Последний ужин оказался на удивление вкусным и сытным, приготовленным словно нарочно для того, чтобы отпраздновать счастливое событие.
Ни у кого не нашлось ни одного слова сожаления. Наоборот, все казались очень довольными перспективой возвращения в городской муравейник.
Дядя Жюль говорил о своей префектуре, отец скромно признался, что есть надежда на получение Академических пальм к концу года, тетя Роза в очередной раз превозносила пресловутый газ… Мне было ясно: мысленно они уже в городе.
Они, но не я.
Камешек звякнул, ударившись о железную окантовку деревянной ставни. Это был условный сигнал. Я уже был одет и медленно, стараясь не производить никаких звуков, открыл окно. Снизу донесся приглушенный шепот:
– Ты готов?
Вместо ответа я спустил на веревке свой узел. Потом булавкой приколол Прощальное письмо к подушке и надежно привязал веревку от колодца к шпингалету окна. Послав сквозь стену воздушный поцелуй маме, я плавно соскользнул вниз по веревке.

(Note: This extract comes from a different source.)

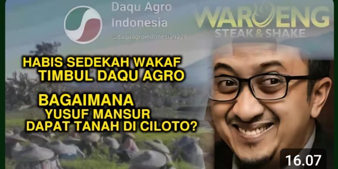 Setelah program Sedekah Wakaf lahan di Kadudampit, Sukabumi yang berujung sertifikat pribadi atas nama Yusuf Mansur dan bukan wakaf, Yusuf Mansur meluncurkan program Daqu Agrotechno dengan beberapa lahan. Salah satunya lahan di Ciloto, Cipanas, Cianjur. Bagaimana asal usul lahan itu? Endang menjawabnya.

Лили стоял под оливковым деревом. Я едва различал его.
– Пошли! – сделав шаг по направлению ко мне, вполголоса произнес он.

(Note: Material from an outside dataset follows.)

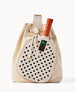 Two outside zip pockets. One inside bottle pocket. Adjustable strap. Drawstring closure.
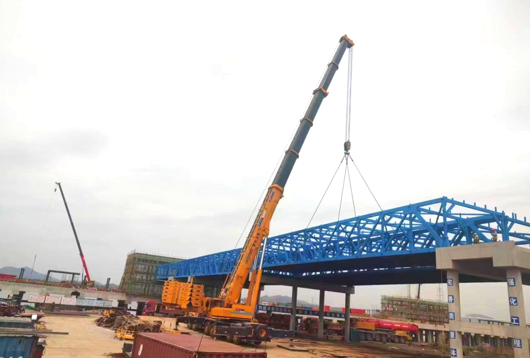 此次吊裝的兩座鋼引橋長度均為54.6米,8米寬型重108噸,12米寬型重163噸,屬超危大工程,且引橋橫跨長江大堤,坡頂?shù)狡履_的坡度小,存在“場(chǎng)地小、機(jī)械多、人員多、工序多”的情況,進(jìn)一步增加了安全風(fēng)險(xiǎn)和施工難度。

Подняв с земли довольно тяжелый мешок, он пригнулся и рывком взвалил его на спину.
– Здесь картошка, морковь и ловушки.
– А у меня с собой хлеб, сахар, шоколад и два банана. Пошли, поговорим после.
Мы молча поднялись по крутому склону до Птитёй.
Я с упоением вдыхал прохладный ночной воздух и ничуть не беспокоился по поводу своей новой жизни.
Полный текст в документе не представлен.